Echter, de BOR heeft enkele voorwaarden, waarover al geruime tijd discussie bestaat. Centraal staat de vraag of de oorspronkelijke rechtvaardiging van de BOR, namelijk het voorkomen van gevaar voor het voortbestaan van de onderneming bij bedrijfsopvolging, nog steeds geldig is.
Een onderdeel van deze discussie betreft de kwalificatie van bepaald verhuurd vastgoed als ondernemingsvermogen en of dit in aanmerking komt voor de BOR. In de praktijk wordt hier vaak over geprocedeerd.
Belastingplichtigen ervaren moeilijkheden bij het aantonen dat aan derden verhuurd vastgoed kwalificeert als ondernemingsvermogen voor de toepassing van de BOR. Een recente uitspraak van de Hoge Raad (HR 18 augustus 2023, ECLI:NL:HR:2023:1054) illustreert dit.
Achtergrond
In 2021 oordeelde de Hoge Raad dat de projectontwikkelingstak en de verhuurtak van de verkregen onderneming niet zodanig met elkaar verweven waren dat er sprake zou zijn van één onderneming. Na verwijzing oordeelde het Hof Den Haag dat zelf ontwikkelde objecten die werden verhuurd niet tot het ondernemingsvermogen behoorden, terwijl een ander verhuurd pand wel als ondernemingsvermogen werd beschouwd.
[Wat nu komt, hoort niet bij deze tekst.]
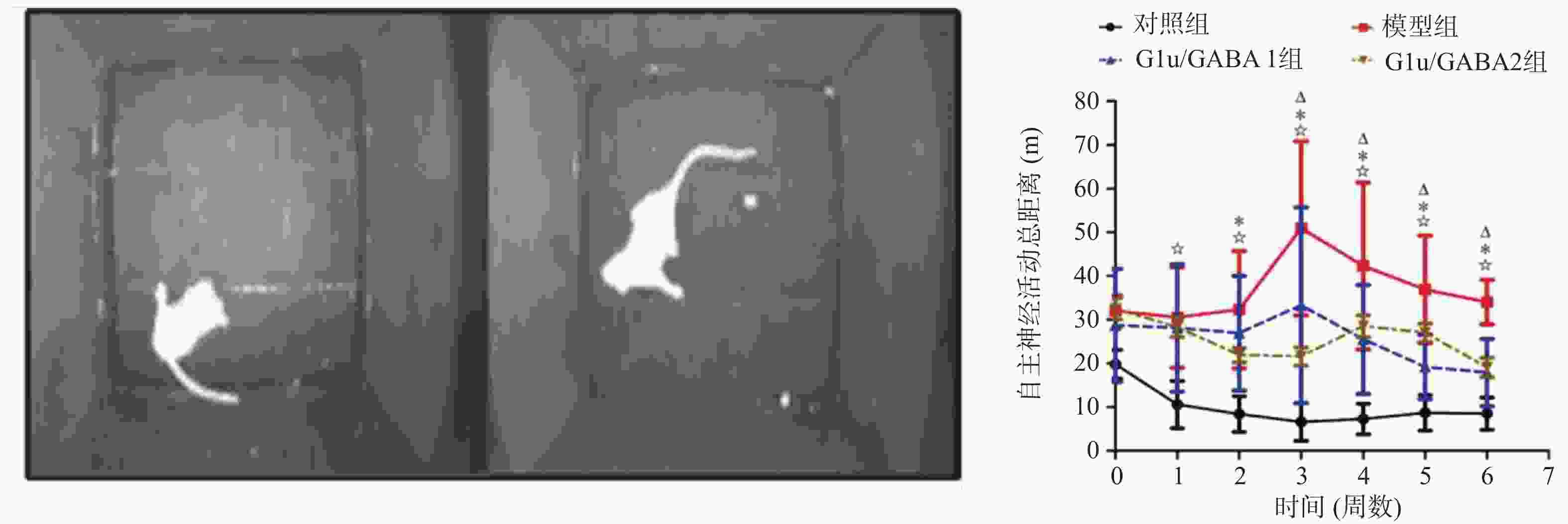目的 基于Glu/GABA调节神经递质平衡改善抽动秽语综合征(Tourette syndrome,TS)大鼠模型行为异常的机制研究。 方法 选用 48 只 SPF 级 SD 大鼠,随机分为正常对照组、模型组、Glu/GABA 1 组(10 mg/kg)和 Glu/GABA 2 组(20 mg/kg),每组 12 只。除正常对照组外,其余大鼠腹腔注射 250 mg/(kg·d)IDPN 连续 7 d建立 TS 模型,造模成功后各组灌胃干预 6 周。分别于干预前、第 3 周、第 6 周采用盲法进行刻板行为评分,通过自发活动视频系统检测自主活动总距离。干预结束后取材,HE 染色计数皮层、纹状体、丘脑神经元数量,透射电镜观察髓鞘形态;高效液相色谱法检测脑组织 Glu 和 GABA 水平,免疫荧光法测定其荧光强度,以探究 Glu/GABA 对 TS 模型大鼠的影响。 结果 模型组及 Glu/GABA 干预组大鼠刻板行为评分、自主活动总距离均显著高于正常对照组(P < 0.05)。干预 6 周后,Glu/GABA 1 组和 2 组刻板行为评分、自主活动总距离较模型组显著降低(P < 0.001),且两组间无统计学差异(P > 0.05)。模型组皮层、纹状体、丘脑神经元数量减少,髓鞘板层疏松、轴突破坏;Glu/GABA 干预后神经元数量恢复(P < 0.01),髓鞘结构改善。与正常组相比,模型组脑内 Glu 水平及荧光强度显著升高、GABA 显著降低(P < 0.01);Glu/GABA 干预可逆转上述变化(P < 0.01)。 结论 Glu/GABA可有效降低TS模型大鼠刻板行为评分和自主活动距离,修复皮层、纹状体及丘脑的神经元损伤与髓鞘异常,调节脑内Glu和GABA水平至正常平衡状态,发挥对TS的治疗作用。 -
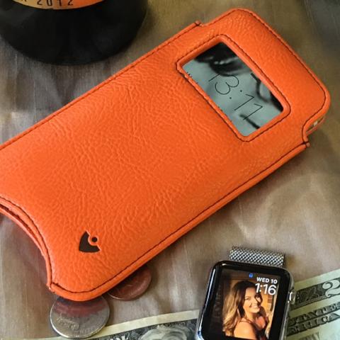 iPhone 6/6s Sleeve Case in Orange Vegan Leather | Smart Window | Screen Cleaning Sanitizing Lining
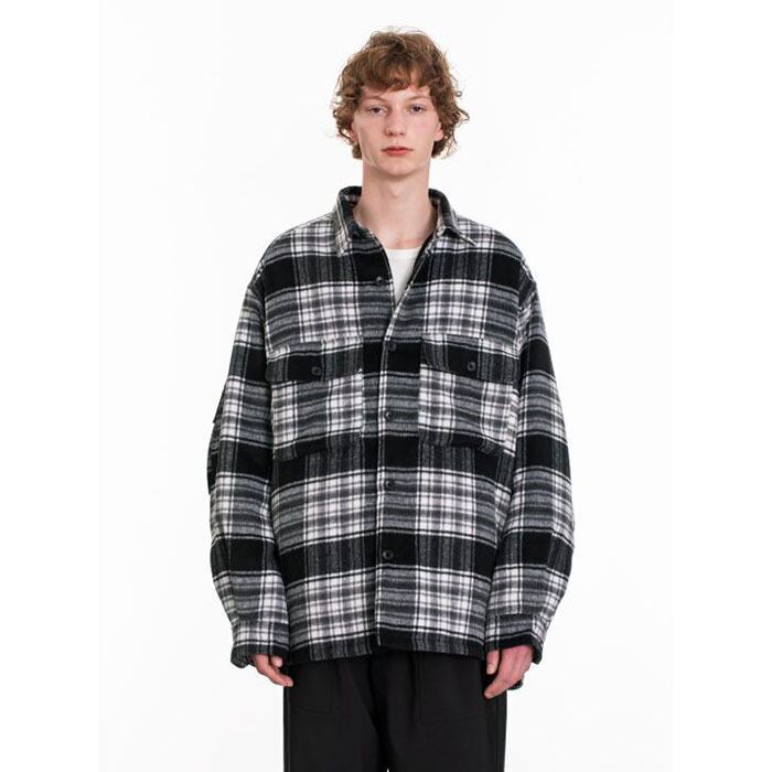 It is moderately thick and has a fluffy volume, and the raised surface gives it a warm surface feeling. The unique lightness and softness of the inside is made comfortable to wear because of the padding. It is finished in an oversized silhouette and has pockets on the side, so it can be used as a light outerwear like a shirt jacket that can be worn over knitwear or sweatshirts. It is a simple yet very useful item that can be used with a variety of coordinates.
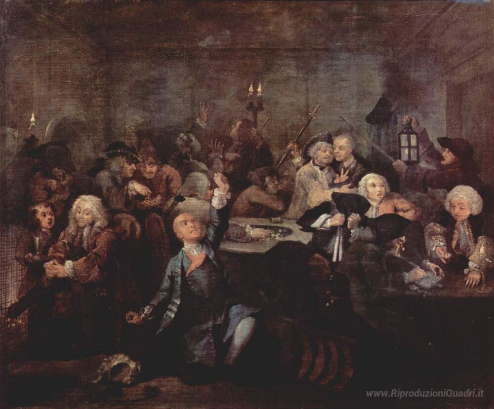 Ti offriamo una riproduzione artigianale su tela dell'opera famosa '?Rake Progress 'The Gaming Casa' di William Hogarth, dal Museo delle Riproduzioni.
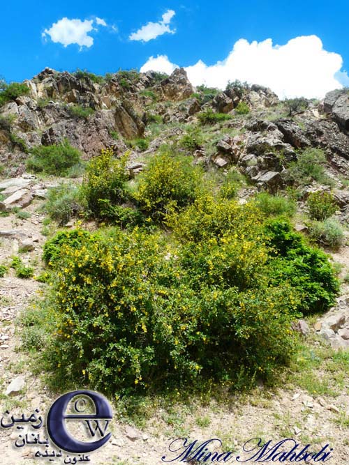 نمایی از شکوفه های درختچه زرشک در فرو دست ارتفاعات پارک ملی کیاسر
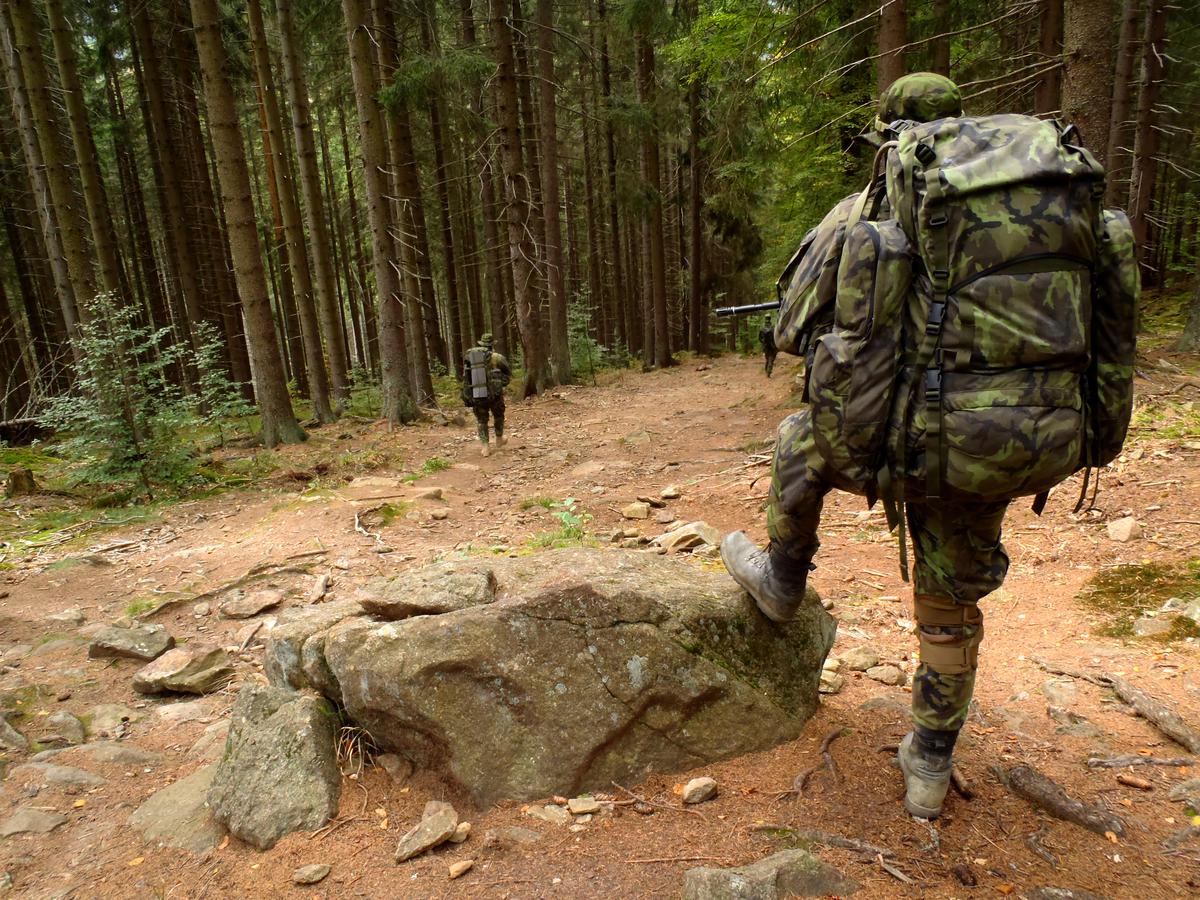 Fotky z pochodu na Šumavský Boubín. trocha údajů: Váha výstroje a výzbroje celkem: 45kg (měřeno), délka trasy 18.5km, výškový rozdíl při stoupání (Kubova Huť ŽST - Boubín rozhledna): 367m na délce 4km, sestup: 512m n. m na délce cca 14.5km. Závěr: "Na Boubín jedině lanovkou  "
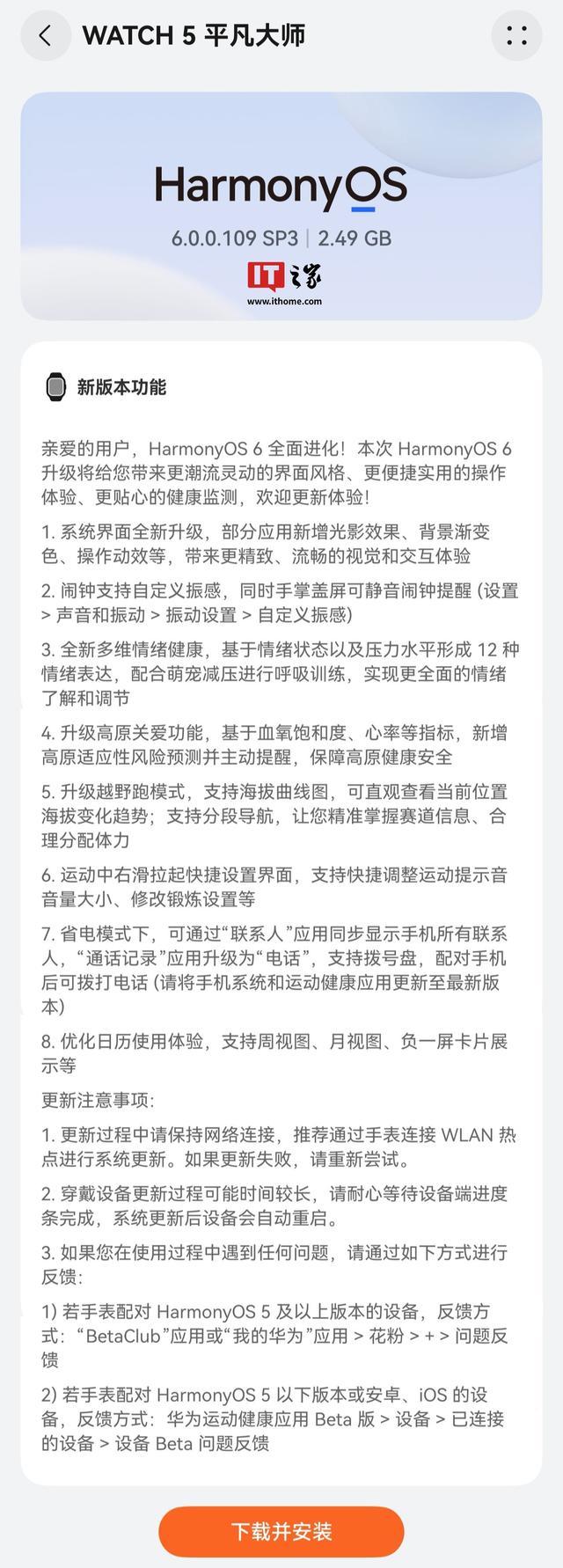 IT之家 10 月 23 日消息,据用户反馈,华为 WATCH 5 系列智能手表已开启鸿蒙 HarmonyOS 6 花粉 Beta 版本(版本号:6.0.0.109 SP3)升级推送,系统包大小约 2.49GB,升级高原关爱功能、越野跑模式、系统界面等。

Zowel belanghebbende als de staatssecretaris gingen in cassatie.
Het beroep in cassatie van belanghebbende werd ongegrond verklaard. De Hoge Raad stelde dat een vermogensbestanddeel dat binnen de eigen onderneming tot stand is gebracht, niet automatisch als ondernemingsvermogen wordt beschouwd wanneer het voor verhuur wordt aangehouden. De BOR is volgens de Hoge Raad in dat geval niet van toepassing. Het beroep van de staatssecretaris werd wel gegrond verklaard, waarbij de Hoge Raad oordeelde dat een vermogensbestanddeel als ondernemingsvermogen kan worden beschouwd als het ten tijde van de verkrijging voor ondernemingsdoeleinden wordt aangehouden. In dit geval kon het voormalige kantoorpand niet als ondernemingsvermogen worden beschouwd, omdat het aan derden werd verhuurd.
Belang voor de praktijk
De uitspraak van de Hoge Raad geeft aan dat zelf ontwikkeld vastgoed dat vervolgens wordt verhuurd niet als ondernemingsvermogen wordt beschouwd, waardoor de BOR niet van toepassing is. Vermogensbestanddelen kunnen alleen als ondernemingsvermogen voor de BOR kwalificeren als ze ten tijde van de verkrijging voor ondernemingsdoeleinden worden aangehouden.
Het demissionaire kabinet was al van plan om de BOR te versoberen, mogelijk in lijn met deze uitspraak. Het is echter onzeker of de BOR-regelgeving daadwerkelijk per 1 januari 2024 zal worden gewijzigd. Deze uitspraak lijkt de Belastingdienst tot die tijd meer middelen te geven om verhuurd vastgoed zoveel mogelijk buiten de BOR-toepassing te houden.